> Dataset entries
┏━━

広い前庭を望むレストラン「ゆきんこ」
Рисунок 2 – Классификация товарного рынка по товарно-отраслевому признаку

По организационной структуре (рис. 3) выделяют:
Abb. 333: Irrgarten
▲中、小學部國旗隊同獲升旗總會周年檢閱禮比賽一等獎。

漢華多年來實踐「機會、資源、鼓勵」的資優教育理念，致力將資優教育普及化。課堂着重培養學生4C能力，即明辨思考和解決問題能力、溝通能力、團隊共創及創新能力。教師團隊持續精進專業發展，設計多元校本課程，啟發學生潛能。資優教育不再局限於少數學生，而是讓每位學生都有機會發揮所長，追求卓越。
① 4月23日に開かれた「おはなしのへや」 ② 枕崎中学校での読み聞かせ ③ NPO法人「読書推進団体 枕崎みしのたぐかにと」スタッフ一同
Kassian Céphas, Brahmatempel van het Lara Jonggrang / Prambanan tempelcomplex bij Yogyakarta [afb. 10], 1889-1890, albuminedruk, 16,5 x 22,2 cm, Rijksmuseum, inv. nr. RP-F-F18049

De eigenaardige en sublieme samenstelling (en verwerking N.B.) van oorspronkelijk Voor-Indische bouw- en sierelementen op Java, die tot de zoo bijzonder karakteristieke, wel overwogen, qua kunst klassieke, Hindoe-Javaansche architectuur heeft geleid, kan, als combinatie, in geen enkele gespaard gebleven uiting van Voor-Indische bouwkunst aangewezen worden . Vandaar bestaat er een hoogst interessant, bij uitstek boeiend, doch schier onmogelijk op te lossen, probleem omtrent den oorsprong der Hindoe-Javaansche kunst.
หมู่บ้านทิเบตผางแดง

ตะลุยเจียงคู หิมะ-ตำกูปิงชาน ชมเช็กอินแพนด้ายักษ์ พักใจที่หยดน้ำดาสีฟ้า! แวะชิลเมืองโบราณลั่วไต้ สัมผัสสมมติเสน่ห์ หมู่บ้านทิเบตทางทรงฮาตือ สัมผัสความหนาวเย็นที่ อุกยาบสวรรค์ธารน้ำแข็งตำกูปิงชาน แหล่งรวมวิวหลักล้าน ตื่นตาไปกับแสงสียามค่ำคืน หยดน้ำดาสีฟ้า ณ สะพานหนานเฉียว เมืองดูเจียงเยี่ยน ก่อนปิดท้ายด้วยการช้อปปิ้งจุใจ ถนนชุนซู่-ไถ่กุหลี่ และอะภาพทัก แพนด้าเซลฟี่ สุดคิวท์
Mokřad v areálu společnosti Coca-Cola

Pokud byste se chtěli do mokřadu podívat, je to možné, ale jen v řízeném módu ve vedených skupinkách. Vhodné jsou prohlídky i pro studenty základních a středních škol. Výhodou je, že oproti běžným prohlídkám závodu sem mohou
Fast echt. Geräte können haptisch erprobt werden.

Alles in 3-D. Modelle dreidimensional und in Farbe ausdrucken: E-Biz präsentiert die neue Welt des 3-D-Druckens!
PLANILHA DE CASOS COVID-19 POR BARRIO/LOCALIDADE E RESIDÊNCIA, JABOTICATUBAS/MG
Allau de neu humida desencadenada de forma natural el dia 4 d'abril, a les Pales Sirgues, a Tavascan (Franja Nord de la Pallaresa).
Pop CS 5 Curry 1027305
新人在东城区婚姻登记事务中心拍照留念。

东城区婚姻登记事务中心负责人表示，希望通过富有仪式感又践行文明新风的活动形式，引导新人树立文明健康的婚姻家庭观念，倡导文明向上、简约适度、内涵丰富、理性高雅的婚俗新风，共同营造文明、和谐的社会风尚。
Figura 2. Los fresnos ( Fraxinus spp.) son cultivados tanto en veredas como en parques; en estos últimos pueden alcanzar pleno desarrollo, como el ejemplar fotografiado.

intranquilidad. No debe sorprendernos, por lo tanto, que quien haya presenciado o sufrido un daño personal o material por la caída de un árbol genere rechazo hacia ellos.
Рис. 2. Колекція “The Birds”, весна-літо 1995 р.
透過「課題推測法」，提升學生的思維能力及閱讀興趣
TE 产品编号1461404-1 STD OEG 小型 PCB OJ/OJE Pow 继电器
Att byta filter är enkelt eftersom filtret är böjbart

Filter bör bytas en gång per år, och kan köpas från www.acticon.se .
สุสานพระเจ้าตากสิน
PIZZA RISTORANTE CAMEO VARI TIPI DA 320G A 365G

┗━━

> Exercise
The full set of entries should be transcribed exactly.

> Result below
広い前庭を望むレストラン「ゆきんこ」
Рисунок 2 – Классификация товарного рынка по товарно-отраслевому признаку

По организационной структуре (рис. 3) выделяют:
Abb. 333: Irrgarten
▲中、小學部國旗隊同獲升旗總會周年檢閱禮比賽一等獎。

漢華多年來實踐「機會、資源、鼓勵」的資優教育理念，致力將資優教育普及化。課堂着重培養學生4C能力，即明辨思考和解決問題能力、溝通能力、團隊共創及創新能力。教師團隊持續精進專業發展，設計多元校本課程，啟發學生潛能。資優教育不再局限於少數學生，而是讓每位學生都有機會發揮所長，追求卓越。
① 4月23日に開かれた「おはなしのへや」 ② 枕崎中学校での読み聞かせ ③ NPO法人「読書推進団体 枕崎みしのたぐかにと」スタッフ一同
Kassian Céphas, Brahmatempel van het Lara Jonggrang / Prambanan tempelcomplex bij Yogyakarta [afb. 10], 1889-1890, albuminedruk, 16,5 x 22,2 cm, Rijksmuseum, inv. nr. RP-F-F18049

De eigenaardige en sublieme samenstelling (en verwerking N.B.) van oorspronkelijk Voor-Indische bouw- en sierelementen op Java, die tot de zoo bijzonder karakteristieke, wel overwogen, qua kunst klassieke, Hindoe-Javaansche architectuur heeft geleid, kan, als combinatie, in geen enkele gespaard gebleven uiting van Voor-Indische bouwkunst aangewezen worden . Vandaar bestaat er een hoogst interessant, bij uitstek boeiend, doch schier onmogelijk op te lossen, probleem omtrent den oorsprong der Hindoe-Javaansche kunst.
หมู่บ้านทิเบตผางแดง

ตะลุยเจียงคู หิมะ-ตำกูปิงชาน ชมเช็กอินแพนด้ายักษ์ พักใจที่หยดน้ำดาสีฟ้า! แวะชิลเมืองโบราณลั่วไต้ สัมผัสสมมติเสน่ห์ หมู่บ้านทิเบตทางทรงฮาตือ สัมผัสความหนาวเย็นที่ อุกยาบสวรรค์ธารน้ำแข็งตำกูปิงชาน แหล่งรวมวิวหลักล้าน ตื่นตาไปกับแสงสียามค่ำคืน หยดน้ำดาสีฟ้า ณ สะพานหนานเฉียว เมืองดูเจียงเยี่ยน ก่อนปิดท้ายด้วยการช้อปปิ้งจุใจ ถนนชุนซู่-ไถ่กุหลี่ และอะภาพทัก แพนด้าเซลฟี่ สุดคิวท์
Mokřad v areálu společnosti Coca-Cola

Pokud byste se chtěli do mokřadu podívat, je to možné, ale jen v řízeném módu ve vedených skupinkách. Vhodné jsou prohlídky i pro studenty základních a středních škol. Výhodou je, že oproti běžným prohlídkám závodu sem mohou
Fast echt. Geräte können haptisch erprobt werden.

Alles in 3-D. Modelle dreidimensional und in Farbe ausdrucken: E-Biz präsentiert die neue Welt des 3-D-Druckens!
PLANILHA DE CASOS COVID-19 POR BARRIO/LOCALIDADE E RESIDÊNCIA, JABOTICATUBAS/MG
Allau de neu humida desencadenada de forma natural el dia 4 d'abril, a les Pales Sirgues, a Tavascan (Franja Nord de la Pallaresa).
Pop CS 5 Curry 1027305
新人在东城区婚姻登记事务中心拍照留念。

东城区婚姻登记事务中心负责人表示，希望通过富有仪式感又践行文明新风的活动形式，引导新人树立文明健康的婚姻家庭观念，倡导文明向上、简约适度、内涵丰富、理性高雅的婚俗新风，共同营造文明、和谐的社会风尚。
Figura 2. Los fresnos ( Fraxinus spp.) son cultivados tanto en veredas como en parques; en estos últimos pueden alcanzar pleno desarrollo, como el ejemplar fotografiado.

intranquilidad. No debe sorprendernos, por lo tanto, que quien haya presenciado o sufrido un daño personal o material por la caída de un árbol genere rechazo hacia ellos.
Рис. 2. Колекція “The Birds”, весна-літо 1995 р.
透過「課題推測法」，提升學生的思維能力及閱讀興趣
TE 产品编号1461404-1 STD OEG 小型 PCB OJ/OJE Pow 继电器
Att byta filter är enkelt eftersom filtret är böjbart

Filter bör bytas en gång per år, och kan köpas från www.acticon.se .
สุสานพระเจ้าตากสิน
PIZZA RISTORANTE CAMEO VARI TIPI DA 320G A 365G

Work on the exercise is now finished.